Note: if notebook complains about `cloudpickle` please `!pip install` it, did not have time to find out how to specify it as a dependency.

## Run Datafusion Python

[rust client](examples/client.rs) can wrap and execute python scrip:

```rust
let ctx = SessionContext::remote_with_state("df://localhost:50050", state).await?;

let code = r#"
import pyarrow.compute as pc

conversation_rate_multiplier = 0.62137119

def to_miles(km_data):
return pc.multiply(km_data, conversation_rate_multiplier)
"#;

let udf = PythonUDF::from_code("to_miles", code).expect("udf created");
let udf = ScalarUDF::from(udf);

ctx.read_parquet("./data/alltypes.parquet", ParquetReadOptions::default())
.await?
.select(vec![udf.call(vec![lit(1.0) * col("id")])])?
.show()
.await?;

```

should produce:

```text
+------------+------------------------------+
| double_col | to_miles(?table?.double_col) |
+------------+------------------------------+
| 0.0 | 0.0 |
| 10.1 | 6.275849019 |
| 0.0 | 0.0 |
| 10.1 | 6.275849019 |
| 0.0 | 0.0 |
| 10.1 | 6.275849019 |
| 0.0 | 0.0 |
| 10.1 | 6.275849019 |
+------------+------------------------------+
```

## Defining SQL Function

```rust

let config = SessionConfig::new_with_ballista()
.with_ballista_logical_extension_codec(Arc::new(PyLogicalCodec::default()))
.with_target_partitions(4);

let state = SessionStateBuilder::new()
.with_config(config)
.with_default_features()
.build();

let ctx = SessionContext::remote_with_state("df://localhost:50050", state)
.await?
.with_function_factory(Arc::new(PythonFunctionFactory::default()));

let sql = r#"
CREATE FUNCTION to_miles(DOUBLE)
RETURNS DOUBLE
LANGUAGE PYTHON
AS '
import pyarrow.compute as pc

conversation_rate_multiplier = 0.62137119

def to_miles(km_data):
return pc.multiply(km_data, conversation_rate_multiplier)
'
"#;

ctx.sql(sql).await?.show().await?;

ctx.register_parquet("t", "./data/alltypes.parquet", ParquetReadOptions::default())
.await?;

ctx.sql("select double_col, to_miles(double_col) from t")
.await?
.show()
.await?;
```

## Implementation Internals

Project creates a custom logical (`PyLogicalCodec`) and physical (`PyPhysicalCodec`) codecs which handle serialization and deserialization of python functions using [cloudpickle](https://github.com/cloudpipe/cloudpickle) library.

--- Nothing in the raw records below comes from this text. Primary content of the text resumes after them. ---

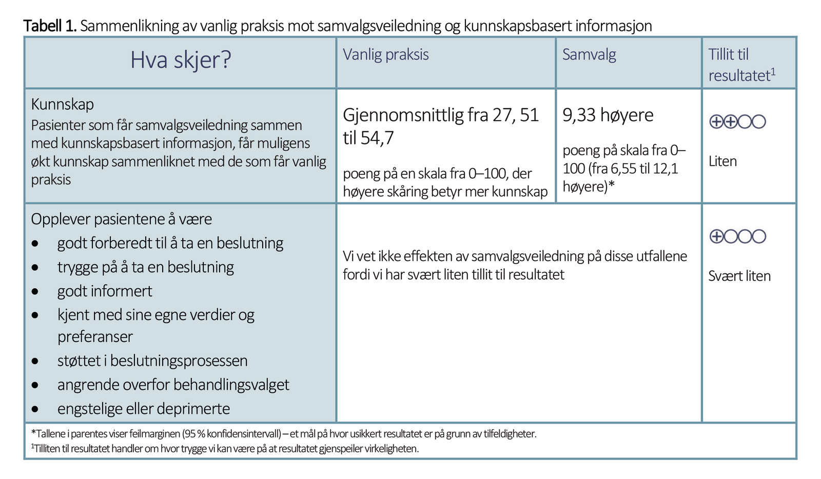 Forskningen om samvalgsveiledning og kunnskapsbasert informasjon sammenliknet med vanlig praksis viser at samvalg
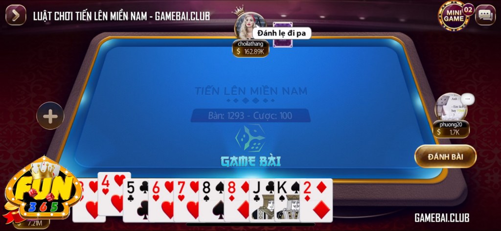 Tiến lên miền Nam chơi online trên hệ thống fun365 club nhanh gọn và luôn tiện lợi, công bằng hơn cực kỳ rộng rãi cho các người tương đối nhút nhát so mang chơi TLMN tại những chiếu bài bên cạnh đời. Cùng chơi game bai trên hệ thống fun365 club, cổng game bài đổi thẻ với các mức cược phong phú, lề luật minh bạch, công bằng có mọi người chơi. Thưởng tiền hậu hĩnh, đổi thẻ nhanh chóng.
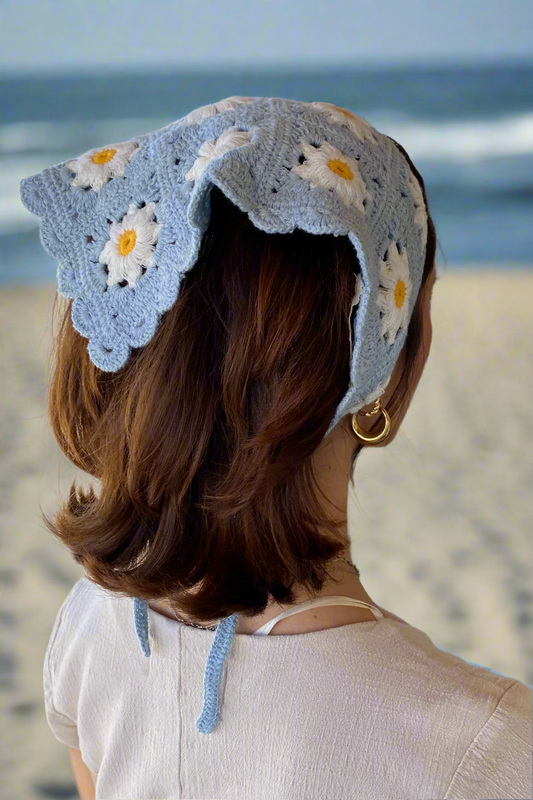 Vintage Style Dusty Blue Daisy Crochet Hair Bandana

Custom codecs are registered on `SessionContext` creation:

```rust
let config = SessionConfig::new_with_ballista()
.with_ballista_logical_extension_codec(Arc::new(PyLogicalCodec::default()))
.with_target_partitions(4);

let state = SessionStateBuilder::new()
.with_config(config)
.with_default_features()
.build();

let ctx = SessionContext::remote_with_state("df://localhost:50050", state).await?;
```

Custom `FunctionFactory` provider `PythonFunctionFactory` has been implemented to provide support for `CREATE FUNCTION` statements.